To date, studies quantifying driving behavior, toward the long-term objective of developing improved driving safety assessment tools, have been conducted at small-to-moderate sample sizes (generally below 30 volunteers). Analyses of self-reports, simulations, and field data have shown that older adults typically drive more cautiously and slowly (Pope et al., 2017; Getzmann et al., 2018; Arafa et al., 2020). Additionally, studies have demonstrated that older adults tend to maximize distances to other cars both in simulations as well as on the road (Lu and Pernía, 2000; Andrews and Westerman, 2012). Older adults also require more time to start driving again after coming to a halt in traffic and engage in other compensatory processes (Lu and Pernía, 2000; Thompson et al., 2012). The collective literature suggests that there is a clear shift in driving behavior with age, perhaps as a strategy executed in response to decreasing driving performance. Other work has shown that the ability to allocate sufficient mental resources during complex tasks varies with age, and it is negatively associated with accident rates (Thompson et al., 2012; Michaels et al., 2017). These complex age-dependent interactions make it challenging to assess driving performance outside of extensive on-road testing, although tools measuring cognition and perception during driving simulation have shown promise in recent years (Dickerson et al., 2014). Overall, there is an ongoing need to validate, replicate and extend these initial studies over much larger numbers of individuals. Larger group sizes provide the opportunity to investigate whether results from smaller studies can be replicated and provide improved detection power to evaluate variability in driving performance.
At a deeper level, probing the neural mechanisms that underpin driving performance would likely be very useful to develop improved scientific understanding of how safe and unsafe driving occurs. In this regard, non-invasive functional neuroimaging methods have an important role to play in evaluating brain activity. Pertinent literature continues to expand in this area despite the technical challenges of combining brain imaging technology with on-road driving or, more practically, simulated driving in virtual environments (Cohen et al., 2020; Kim et al., 2020; Hussain et al., 2021). Collectively, past studies in this area involving functional Near Infrared Spectroscopy (fNIRS), functional Magnetic Resonance Imaging (fMRI) and electroencephalography (EEG) suggest that driving requires both a “standard” network of mostly posterior brain regions responsible for skilled performance, and a prefrontal network which improves driving performance with experience (Harada et al., 2007; Schweizer et al., 2013; Choi et al., 2017; Karthaus et al., 2018; Li et al., 2021; Yuen et al., 2021). Scientific understanding of these networks remains in its infancy, including how they interact and how they are modulated by various factors of interest such as age, driving experience, and disease state. In this context and particularly with respect to normal aging, a critically important initial step will be to assess these modulations referenced to the appropriate baseline – middle-aged individuals – who have extensive driving experience and engage the standard network to execute the safest driving behavior in everyday life.

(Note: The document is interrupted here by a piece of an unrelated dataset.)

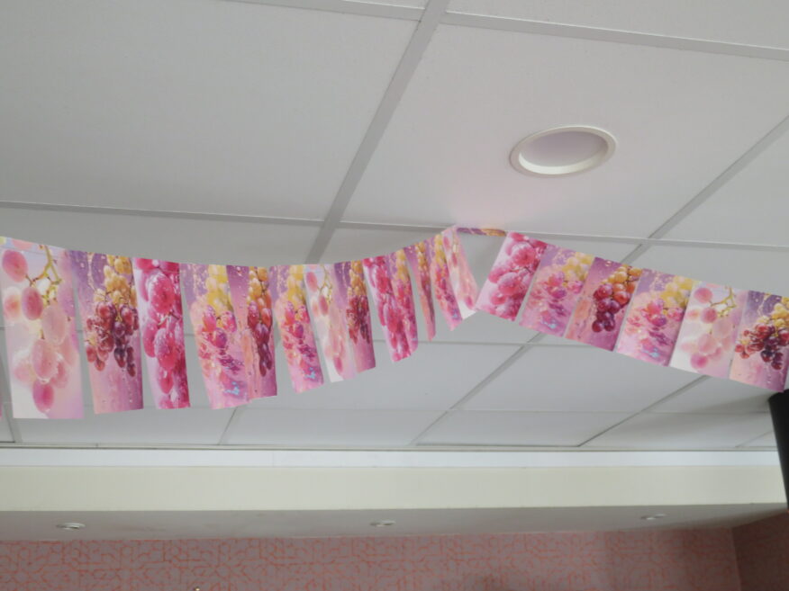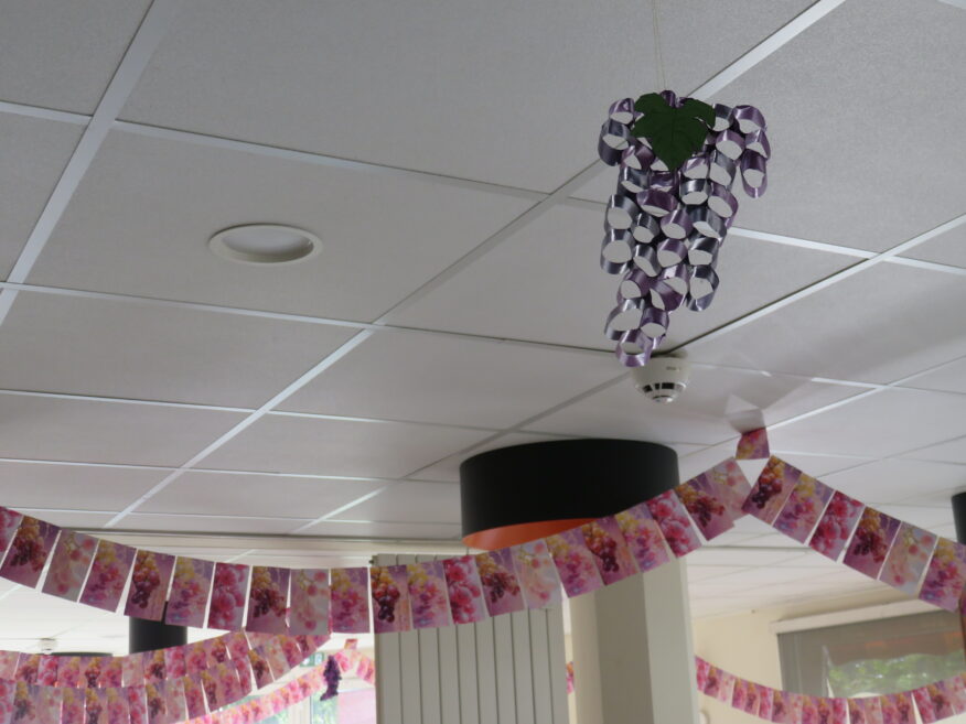 Les résidents de Ty-Braz se sont réunis lors d’ateliers manuels pour réaliser la décoration d’automne sur le thème du raisin . Ils ont fabriqué des guirlandes, des raisins en papier et des raisins en pompon.

Furthermore, apart from data-driven analyses (Calhoun, 2018), maps of brain activity are usually generated from functional neuroimaging data by imposing analytic models in time-series analyses - toward characterizing the relationship between the neuroimaging signals and lengthy “blocks” of task performance (lasting approximately tens of seconds) during simulated driving (Schweizer et al., 2013). Thus, the activation maps are strongly influenced by how well behavior is quantified during the task execution (Brunkhorst-Kanaan et al., 2020). In the absence of better quantification, the very simplistic assumption is often made that behavior, and thus brain activity, are well-approximated as constant throughout performance of a task block. With the long-term goal of accurately assessing driving performance, nuanced characterization of driving behavior during driving tasks covering a range of cognitive complexity is necessary to enhance functional neuroimaging studies (Schretlen et al., 2003). In the context of driving, a particular driving task may consist of coming to a full stop, looking for gaps in traffic, and executing a turn, which require maintaining attention, planning ahead, and executing motor movement, respectively. As the driver inherently controls how a particular driving task is executed dynamically, quantifying how sub-components of the task are performed is likely to be highly meaningful in comparison to aggregate evaluations integrated or time-averaged over the entire task - which obscure the dynamics of mental processing. Whereas analysis of neuroimaging data is out of scope for the present study, which focuses primarily on behavioral nuances, an in-depth characterization of driving behavior would inform future studies involving fMRI, EEG, or fNIRS data.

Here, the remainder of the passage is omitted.